The mechanism is a bit more complicated than that – I wrote a lengthy answer here about how it all works : https://github.com/cryptee/web-client/issues/33#issuecomment-563244601 TLDR;

Step 1) You click "Ghost a folder"

Step 2) You confirm its name by typing it.

Step 3) In order to be able to retrieve a ghosted folder to you by its name, the server needs to know the name of the folder. BUT. Remember, we don't want to know the names of your folders, especially your ghost ones. So what do we do? – In order for the server not to know your folder's name, your folder name is hashed on your device.

Step 4) Your folder name's hash + folder id + user id is passed to the server.

Step 5) [ server-side ] Server takes the folder name's hash (FNH) + user id (UID) and, hashes these two together to create a unique ghost ID (GID). –– So the server still doesn't know your folder name, nor can we look at the GID and be able to tell which user id it belongs to after it's hashed. –– All your folder's contents are copied to this ghost folder with the unique GID, and then the original folder is removed from your account.

–– You've now successfully ghosted something. Now. Even if a govt comes knocking our door to say, hey, hand us over all the ghost folders of this user id, we can't do this. Because we can't find out which ghost id (GID) belongs to which user id, because we don't know the hash of the foldername, to hash with the userid and compare. So it's impossible to tell which ghost folder belongs to which user by looking at our server.


To address your specific point / question – there's two important things to keep in mind, and both sort of boils down to your threat model.

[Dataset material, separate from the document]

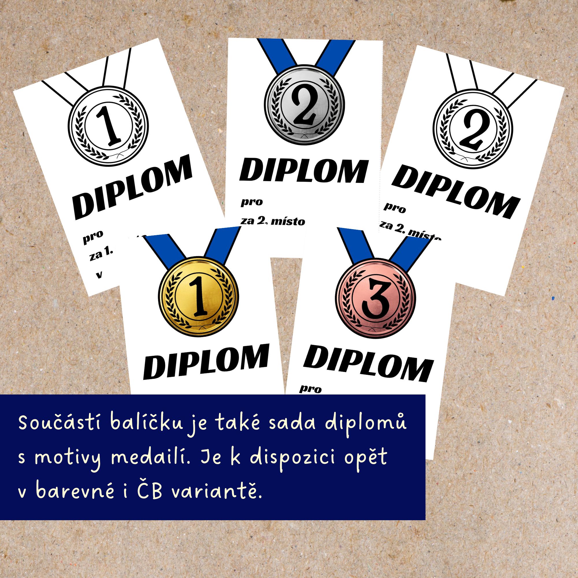 🏅Součástí souboru jsou podklady k výrobě vlastní zlaté, stříbrné a bronzové medaile v barevné i černobílé variantě, a dále rovněž diplomy s motivy medailí v obou verzích.

1) When you ghost something (folder, album etc) which you'll need to bring back by typing its name again, you're effectively changing your trust / threat model because you no longer trust your own device / account. i.e. let's say an abusive and overly-curious partner knows your username password and encryption key and can access your account, so you want to hide stuff from them. So in the interest of not keeping the folder in your account (which you don't trust), you tell Cryptee's servers: "hey safe-keep this folder/album for me until I tell you I need the folder/album named xyz again".

So the server must necessarily know either the name of the folder or its hash to be able to bring it back to you when you need it. Because the servers don't know your encryption key, if the ghost folder's name is stored encrypted somehow, servers wouldn't be able to bring back the folder/album. Since we don't want to know your foldernames, we can't store them plaintext either, so the next best thing is to store it hashed.

2) But hashing would mean if your folder is named "divorce" we could easily figure the name out (and perhaps its contents too) based on a hash-table. So to get ahead of this, we re-hash the hash with your user id on the server side at the moment of ghosting it. This has to be done in a trusted environment on the server side, since we can't trust client-side code. – as a malicious actor who modifies the client-side code could otherwise send forged user-id + folder hash combinations. –


The 'theoretically' better option is actually to use HMACs instead of regular hashes. But upon consideration, we realized this also has disadvantages.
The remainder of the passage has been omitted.